__PROVIDED RECORDS__:
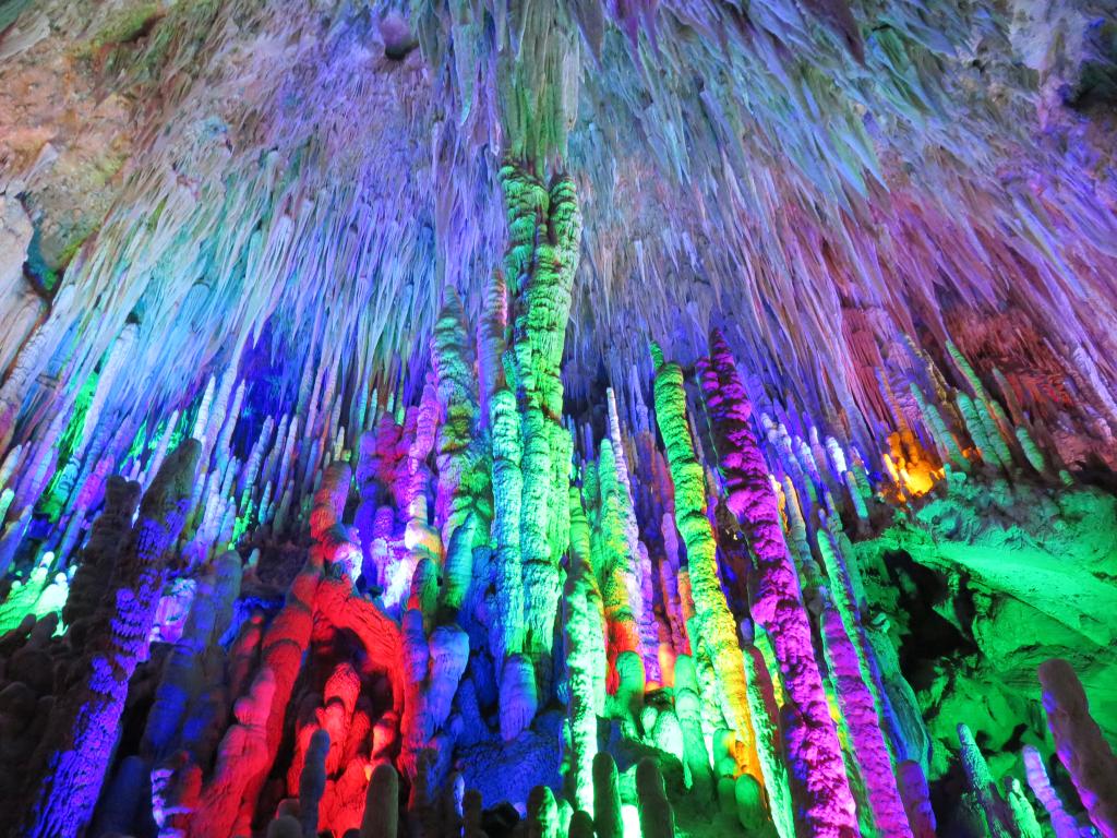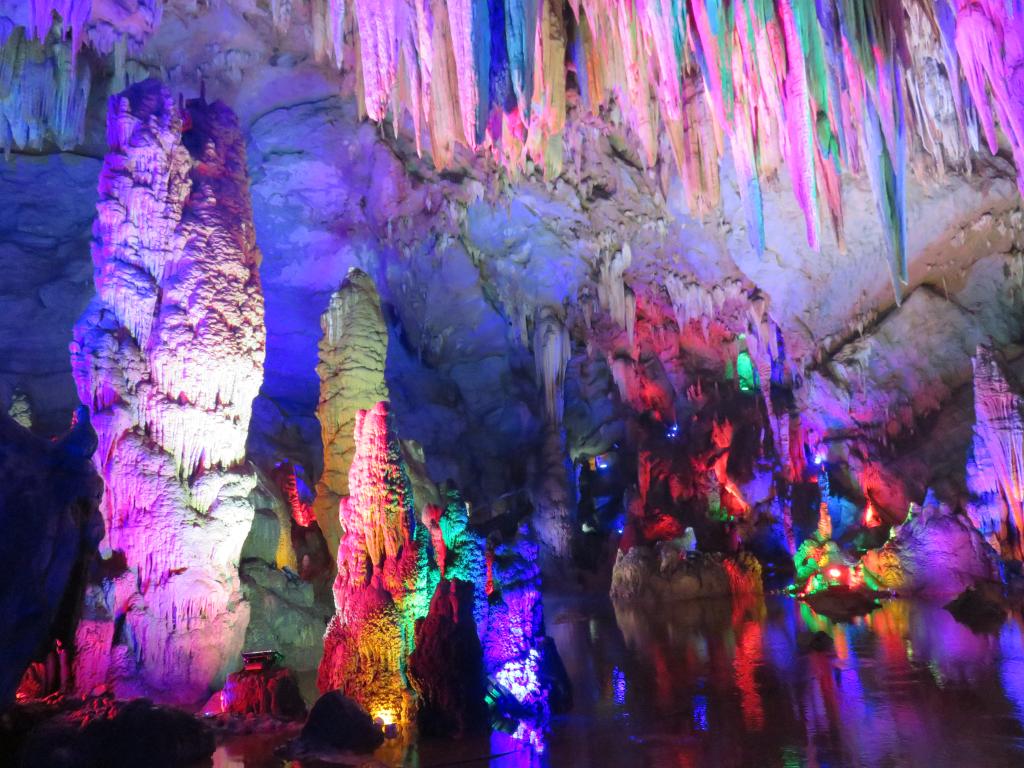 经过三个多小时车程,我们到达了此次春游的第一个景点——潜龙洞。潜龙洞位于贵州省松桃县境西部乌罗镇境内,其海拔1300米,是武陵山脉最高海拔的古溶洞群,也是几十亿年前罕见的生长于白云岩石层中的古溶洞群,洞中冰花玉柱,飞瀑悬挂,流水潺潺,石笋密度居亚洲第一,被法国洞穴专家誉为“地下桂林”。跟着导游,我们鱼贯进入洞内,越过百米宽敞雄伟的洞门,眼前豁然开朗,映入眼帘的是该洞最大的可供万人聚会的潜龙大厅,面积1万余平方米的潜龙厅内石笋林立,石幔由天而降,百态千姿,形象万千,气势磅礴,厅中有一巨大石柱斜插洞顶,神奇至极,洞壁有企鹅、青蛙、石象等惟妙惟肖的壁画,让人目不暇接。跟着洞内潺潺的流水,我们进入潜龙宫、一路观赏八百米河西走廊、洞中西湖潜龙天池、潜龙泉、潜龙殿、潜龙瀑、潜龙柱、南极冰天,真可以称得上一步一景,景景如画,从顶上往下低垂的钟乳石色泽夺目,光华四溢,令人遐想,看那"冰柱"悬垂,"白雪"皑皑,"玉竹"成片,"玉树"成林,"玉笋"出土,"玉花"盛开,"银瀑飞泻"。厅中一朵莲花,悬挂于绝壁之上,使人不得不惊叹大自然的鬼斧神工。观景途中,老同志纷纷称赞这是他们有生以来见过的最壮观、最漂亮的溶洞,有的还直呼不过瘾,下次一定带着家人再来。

--

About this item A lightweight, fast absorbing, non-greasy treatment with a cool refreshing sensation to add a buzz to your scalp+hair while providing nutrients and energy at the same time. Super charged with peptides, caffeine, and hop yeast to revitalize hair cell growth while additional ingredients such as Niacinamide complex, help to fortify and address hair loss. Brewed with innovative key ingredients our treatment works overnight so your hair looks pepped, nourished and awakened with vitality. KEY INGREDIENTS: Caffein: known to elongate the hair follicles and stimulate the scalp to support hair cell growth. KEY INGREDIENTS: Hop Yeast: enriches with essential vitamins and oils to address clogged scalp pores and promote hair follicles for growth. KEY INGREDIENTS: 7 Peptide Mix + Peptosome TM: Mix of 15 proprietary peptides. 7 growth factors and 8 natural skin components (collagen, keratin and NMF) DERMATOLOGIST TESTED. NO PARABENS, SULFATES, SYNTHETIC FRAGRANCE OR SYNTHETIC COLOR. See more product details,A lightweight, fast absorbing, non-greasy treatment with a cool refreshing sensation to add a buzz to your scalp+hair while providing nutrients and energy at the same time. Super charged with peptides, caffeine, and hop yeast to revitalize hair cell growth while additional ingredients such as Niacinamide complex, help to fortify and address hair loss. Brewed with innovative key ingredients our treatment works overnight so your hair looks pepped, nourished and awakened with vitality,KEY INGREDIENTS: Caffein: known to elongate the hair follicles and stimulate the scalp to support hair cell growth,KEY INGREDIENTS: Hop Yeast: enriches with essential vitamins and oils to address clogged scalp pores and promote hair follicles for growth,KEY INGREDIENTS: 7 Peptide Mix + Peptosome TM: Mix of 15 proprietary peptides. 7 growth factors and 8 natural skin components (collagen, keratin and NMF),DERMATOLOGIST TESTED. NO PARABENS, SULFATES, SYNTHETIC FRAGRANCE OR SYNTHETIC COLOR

--

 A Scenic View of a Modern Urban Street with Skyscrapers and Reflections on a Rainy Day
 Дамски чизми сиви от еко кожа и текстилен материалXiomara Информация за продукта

__YOUR GOAL__:
Your reply is to repeat, unchanged, the lines above running from the one with "A Scenic View" up to and including the one with "Дамски чизми сиви".

__PROBLEM SOLUTION__:
 A Scenic View of a Modern Urban Street with Skyscrapers and Reflections on a Rainy Day
 Дамски чизми сиви от еко кожа и текстилен материалXiomara Информация за продукта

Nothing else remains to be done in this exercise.